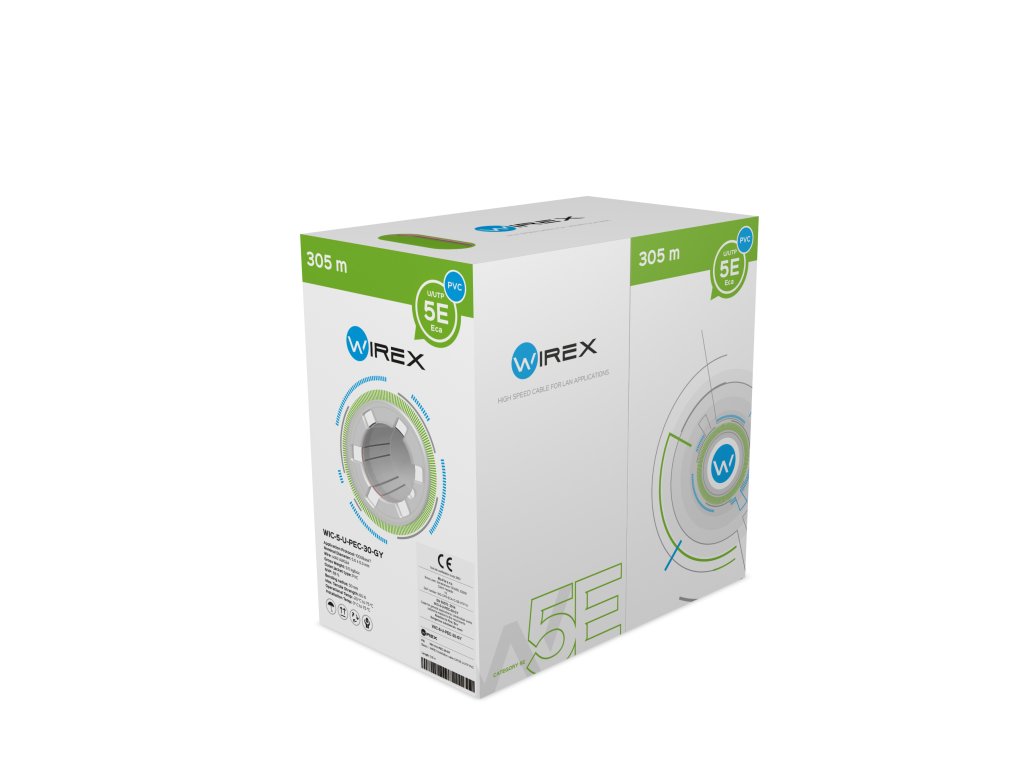 Inštalačné káble WIREX sa vyznačujú vysokou spoľahlivosťou a stabilitou parametrov počas celej životnosti inštalovanej metalickej dátovej siete. Zvládajú najnáročnejšie prenosové protokoly, ktoré možno podľa noriem prevádzkovať na kabeláži CAT5E. Tento typ kábla možno inštalovať v rôznych prostrediach, ako sú kancelárske priestory alebo dátové centrá. Kábel sa dodáva vo farebnej škatuli, čo umožňuje rýchlo identifikovať, o aký typ kábla ide v inštaláciách, kde sa používa viacero typov káblov. Pre prehľadnosť je metráž kábla označená od 0 m do 305 m.
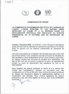 La Communauté Economique des Etats de l’Afrique de l’Ouest, l’Union Africaine et les Nations Unies appellent au calme et à la retenue avant la proclamation officielle des résultats du scrutin présidentiel du 18 octobre 2020 en République de Guinée
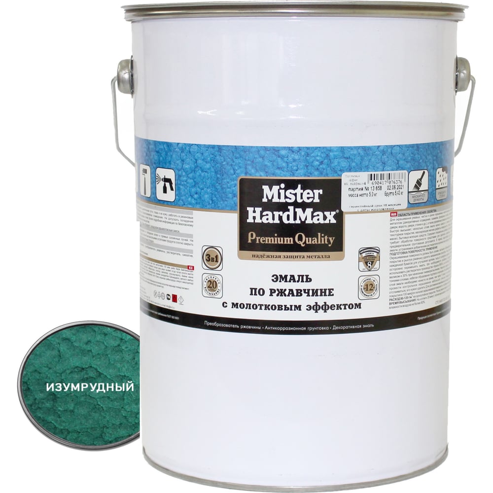 Эмаль по ржавчине с молотковым эффектом HardMax изумрудная, барабан 5 кг 4690417076222

☆ ☆ ☆ ☆ ☆

▶ **WHAT YOU HAVE TO DO**: Output the data exactly as it appears. The pictures do not belong in it.

▶ **RESPONSE AREA**:
 Inštalačné káble WIREX sa vyznačujú vysokou spoľahlivosťou a stabilitou parametrov počas celej životnosti inštalovanej metalickej dátovej siete. Zvládajú najnáročnejšie prenosové protokoly, ktoré možno podľa noriem prevádzkovať na kabeláži CAT5E. Tento typ kábla možno inštalovať v rôznych prostrediach, ako sú kancelárske priestory alebo dátové centrá. Kábel sa dodáva vo farebnej škatuli, čo umožňuje rýchlo identifikovať, o aký typ kábla ide v inštaláciách, kde sa používa viacero typov káblov. Pre prehľadnosť je metráž kábla označená od 0 m do 305 m.
 La Communauté Economique des Etats de l’Afrique de l’Ouest, l’Union Africaine et les Nations Unies appellent au calme et à la retenue avant la proclamation officielle des résultats du scrutin présidentiel du 18 octobre 2020 en République de Guinée
 Эмаль по ржавчине с молотковым эффектом HardMax изумрудная, барабан 5 кг 4690417076222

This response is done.